Akiyama K, Takazawa A, Hirota J, Yamagishi H, Akazawa T

机构信息

Department of Cardiovascular Surgery, Iwaki Kyoritsu General Hospital, Iwaki City, Fukushima, Japan.

出版信息

J Cardiovasc Surg (Torino). 1998 Dec;39(6):869-71.

PMID:9972919
Abstract

We present an unusual case of a ruptured descending thoracic aortic aneurysm into the right pleural cavity of a patient with pectus carinatum. The presence of pectus carinatum played an important role in the development of the aneurysm at the atypical site and the rupture into the right pleural cavity. A small amount of right pleural bleeding on admission can increase and develop to massive hemothorax until emergency operation. Massive bleeding in the right pleural cavity where the dependent lung is located causes atelectasis and increased shunt fraction under one lung ventilation.

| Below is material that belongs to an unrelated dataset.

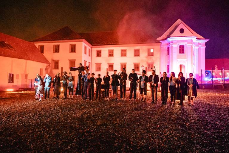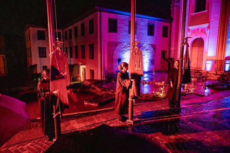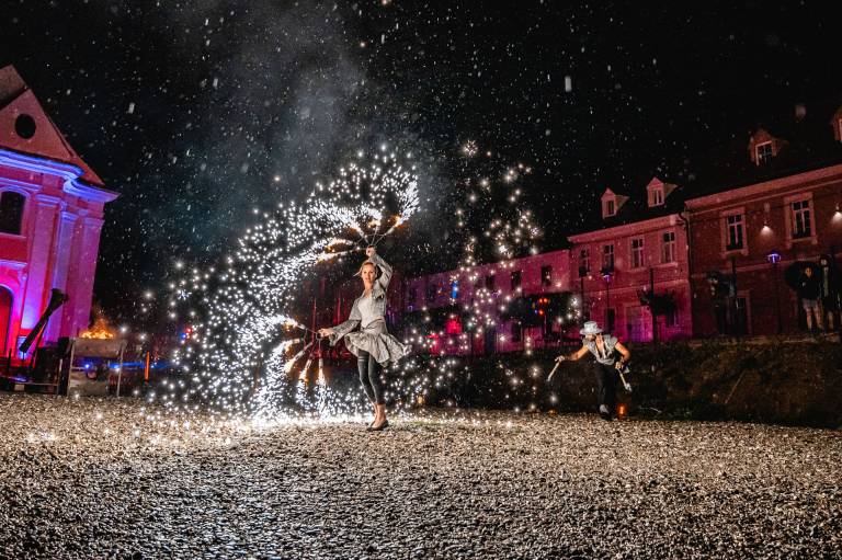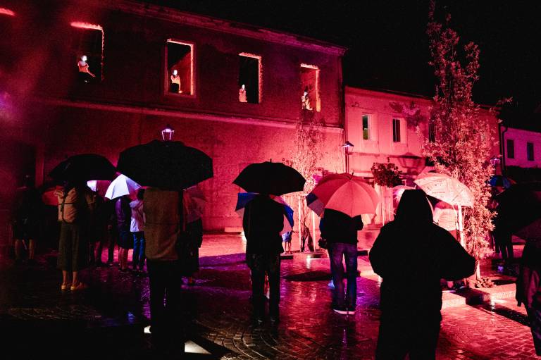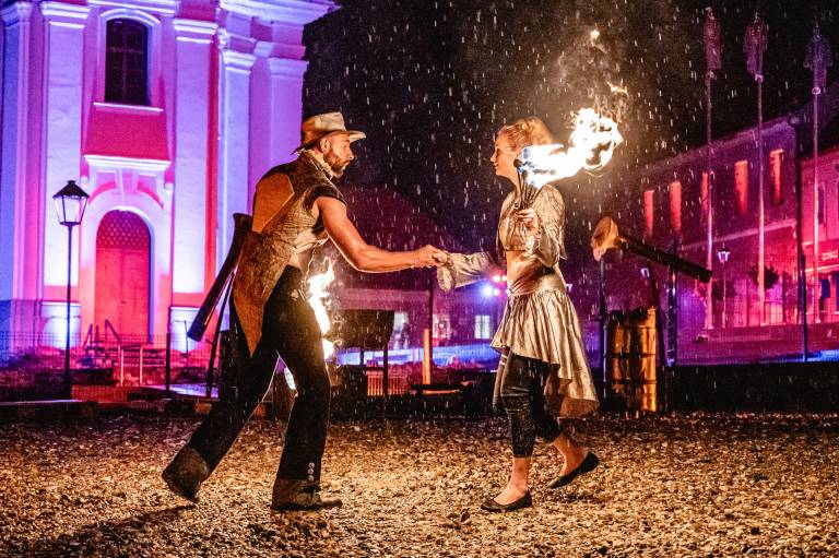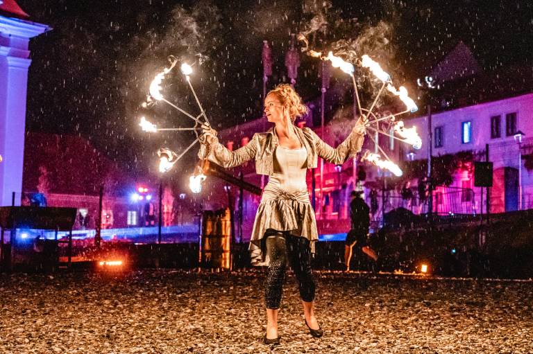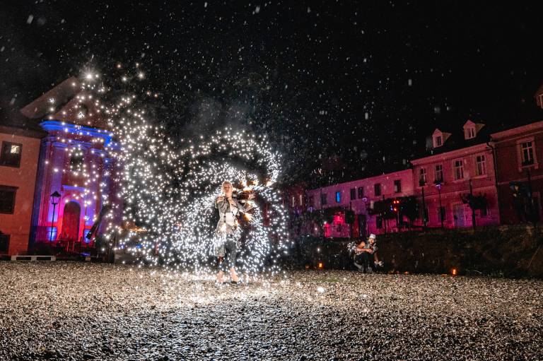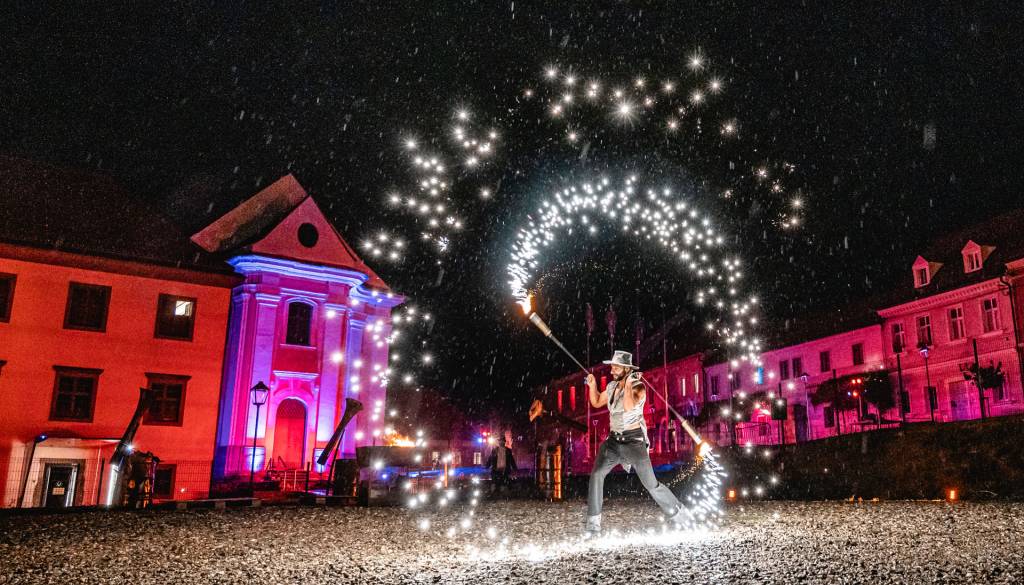 Skrbno prenovljen je Vojašniški trg sinoči vstopil v svoje novo življenje, v soju reflektorjev ulično-gledališkega spektakla Srečanja v času.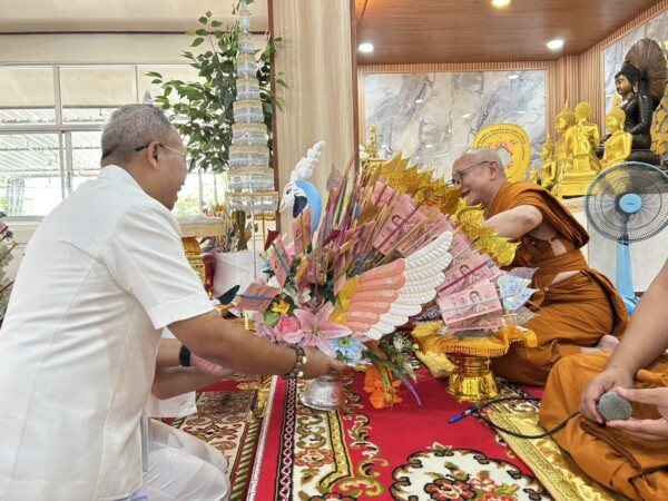 ผอ.กองพัฒนาและส่งเสริมการบริหารงานท้องถิ่นทอดผ้าป่าสามัคคีมหากุศลเพื่อจัดหารายได้สร้างพระพุทธรูปปางมารวิชัยศิลปะสุโขทัย พระพุทธมนต์สิริมงคลบพิธ วัดหนองคู อำเภอเมืองศรีสะเกษ

Therefore, continuous drainage of the right pleural cavity is essential to prevent serious hypoxia during graft replacement in a case of ruptured descending thoracic aneurysm into the right hemithorax.

摘要

我们报告了一例罕见病例,一名鸡胸患者降主动脉瘤破裂进入右侧胸腔。鸡胸的存在在非典型部位动脉瘤的发展以及破裂进入右侧胸腔过程中起到了重要作用。入院时少量的右侧胸腔出血可能会增加并发展为大量血胸,直至进行急诊手术。位于患侧肺所在的右侧胸腔大量出血会导致肺不张,并在单肺通气时增加分流分数。因此,对于降主动脉瘤破裂进入右半胸的病例,在进行移植置换时,持续引流右侧胸腔对于预防严重缺氧至关重要。